Distal pancreatic carcinoma is a highly malignant tumor with strong invasiveness, often growing to the edge of the pancreas and penetrating the pancreatic capsule to infiltrate surrounding tissues. In conventional distal pancreatosplenectomy (DPS), tumor cells are prone to spread along the direction of blood and lymphatic reflux due to surgical compression. Additionally, inflammation makes it challenging to achieve R0 resection, leading to a lower patient survival rate. To address these limitations, radical antegrade modular pancreatosplenectomy (RAMPS) was developed, emphasizing deeper excision, including the left anterior renal fascia, the left anterior renal adipose sac, and even the left adrenal gland, to improve the R0 resection rate. With the advancement of minimally invasive surgical techniques, laparoscopic RAMPS (L-RAMPS) is being considered technically safe and feasible in oncology. However, due to technical difficulties and a lack of supporting evidence for clinical application, only a few institutions are currently conducting L-RAMPS. In this context, this article presents detailed techniques for laparoscopic posterior radical antegrade modular pancreatosplenectomy (L-pRAMPS), offering promise for future clinical applications.
Conventional distal pancreatosplenectomy (DPS) has traditionally been the standard surgical procedure for distal pancreatic carcinoma1,2. Distal pancreatic carcinoma is a highly invasive tumor that easily infiltrates into retroperitoneal tissues. Simultaneously, pancreatic cancer is often accompanied by chronic pancreatitis, making the boundary between the pancreas and adjacent tissues unclear. Consequently, during conventional DPS, there is a risk of tumor cells spreading along the direction of blood circulation and lymphatic return.

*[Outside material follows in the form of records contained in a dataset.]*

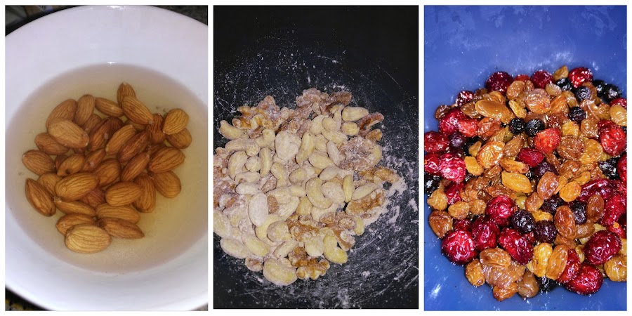 Dejar los frutos secos que elijas (yo usé almendras, nueces y castañas de cajú o anacardos) enharinados.
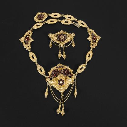 Großes Biedermeiercollier und Brosche mit Granaten.
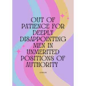 Reads: "OUT OF PATIENCE FOR DEEPLY DISAPPOINTING MEN IN UNMERITED POSITIONS OF AUTHORITY"
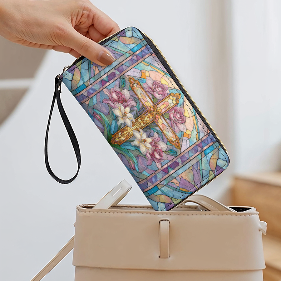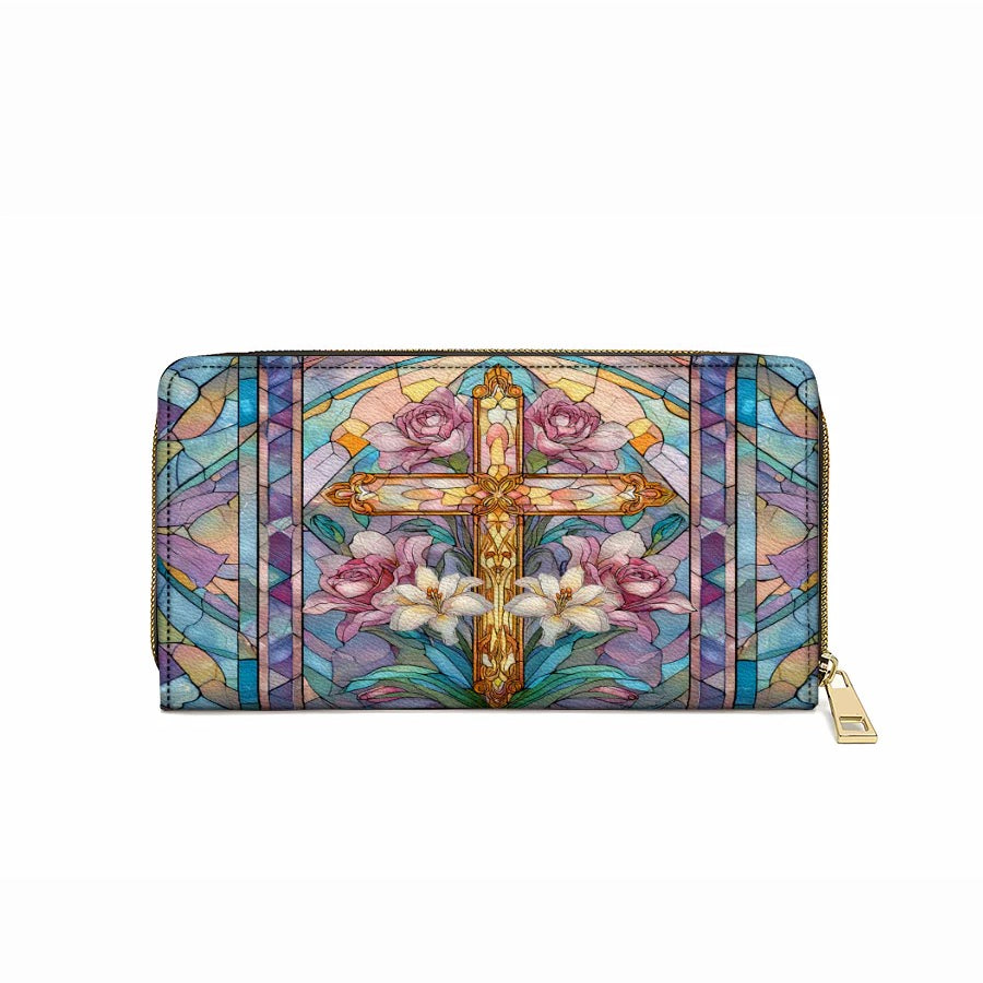 Catholight Floral Cross Radiance - Leather Wallet Purse

In addition to the inherent inflammation associated with pancreatic cancer, achieving R0 resection is challenging, leading to a relatively low postoperative survival rate for patients3.

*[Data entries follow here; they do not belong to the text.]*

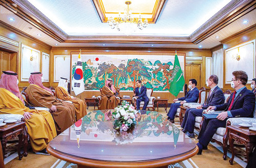 ومن تايلند كانت زيارة سمو ولي العهد إلى كوريا حيث عُقد في العاصمة الكورية سيئول جلسة مباحثات رسمية مع دولة رئيس وزراء جمهورية كوريا السيد هان دوك سو. وجرى خلال المباحثات استعراض علاقات الصداقة بين البلدين، وآفاق التعاون الثنائي وسبل تنميته وتعزيزه في مختلف المجالات.
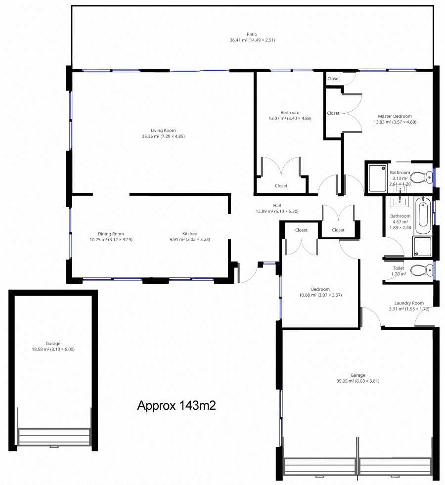 Three very good sized bedrooms all have built-ins and ceiling fans and the master has ensuite. The family bathroom has a bathtub and separate toilet.
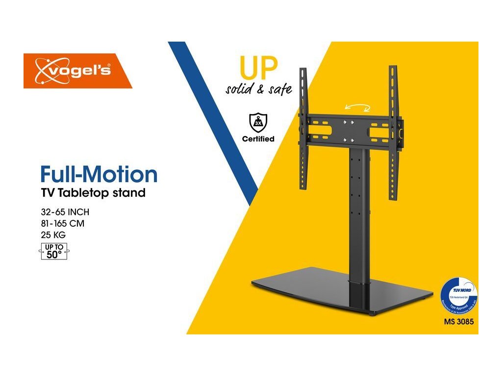 Stolní stojan z řady UP splňuje přísné bezpečnostní požadavky společnosti Vogel's. To znamená, že unese minimálně trojnásobek maximální doporučené hmotnosti televizoru. Navíc funguje výborně i po 5 000 otočeních. I při nárazu zůstává tento stojan ve vzpřímené poloze a nepřevrátí se. Spolehlivý stojan, který vám bude sloužit po dlouhá léta.
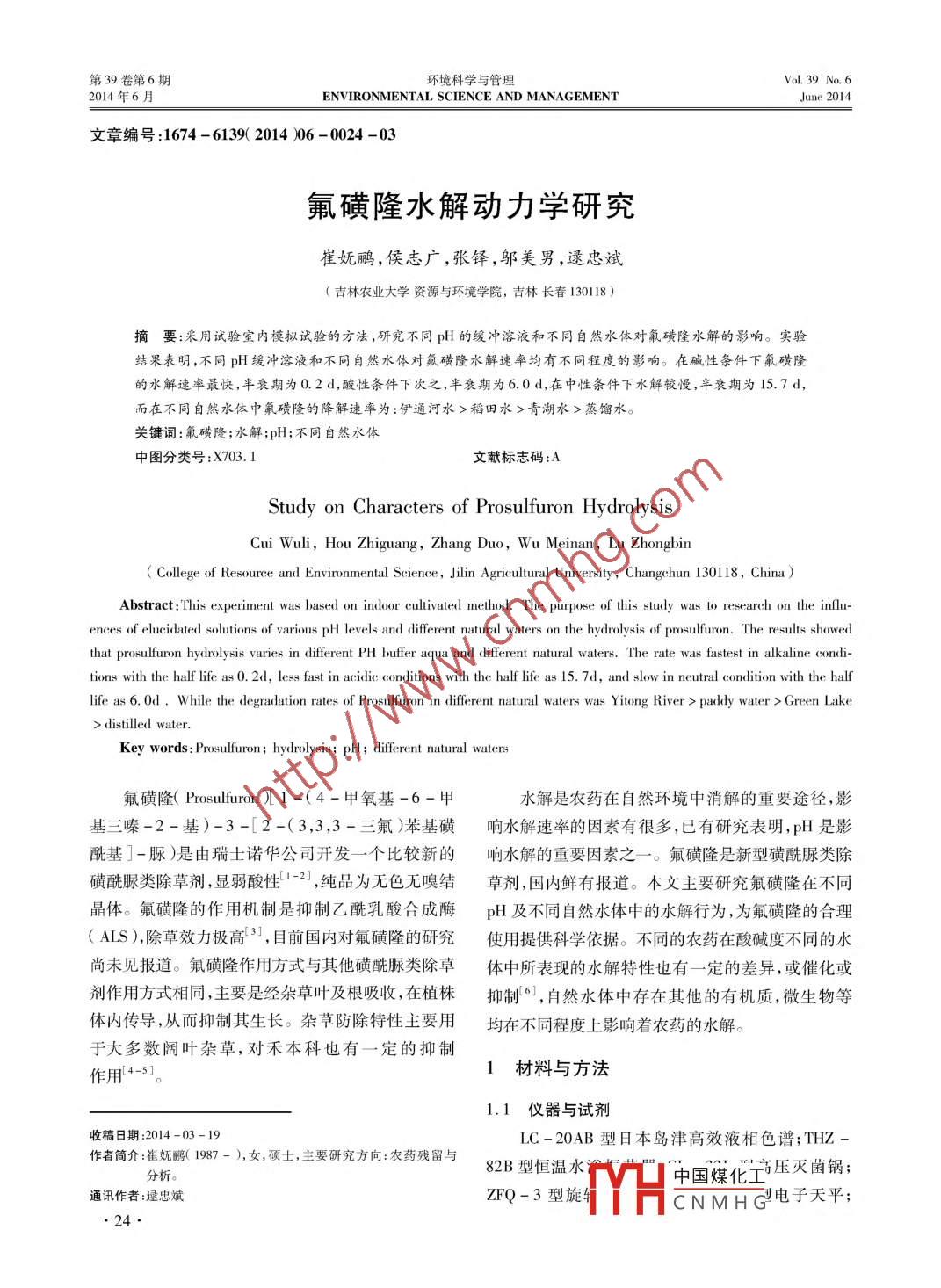 氟磺隆水解動力學研究

With the advancement of surgical techniques and a deeper understanding of the pancreatic lymphatic system, the high positive rate of the surgical margin and incomplete lymph node dissection in conventional DPS have garnered more attention. In response, radical antegrade modular pancreatosplenectomy (RAMPS) has emerged to address these challenges3,4. RAMPS involves the complete removal of tissues around the body and tail of the pancreas, including the tumor, to ensure a negative incisional margin and thorough dissection of lymph nodes in N1 nodes, the superior mesenteric artery (SMA), and the anterior and left of the celiac trunk3,4.

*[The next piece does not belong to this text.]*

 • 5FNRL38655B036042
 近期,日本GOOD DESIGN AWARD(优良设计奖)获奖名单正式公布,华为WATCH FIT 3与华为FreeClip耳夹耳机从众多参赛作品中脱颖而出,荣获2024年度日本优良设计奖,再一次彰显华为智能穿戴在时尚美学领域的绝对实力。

In 2003, Strasberg first reported RAMPS3. With the development of minimally invasive surgical techniques, there have been sporadic reports of laparoscopic RAMPS (L-RAMPS) in recent years. L-RAMPS is preliminarily considered technically safe and feasible in oncology5,6,7,8,9. However, due to technical difficulties and a lack of supporting evidence for clinical application, only a few institutions are currently conducting L-RAMPS. In light of this situation, this article presents the techniques of laparoscopic posterior radical antegrade modular pancreatosplenectomy (L-pRAMPS) in detail, holding great promise for future clinical application.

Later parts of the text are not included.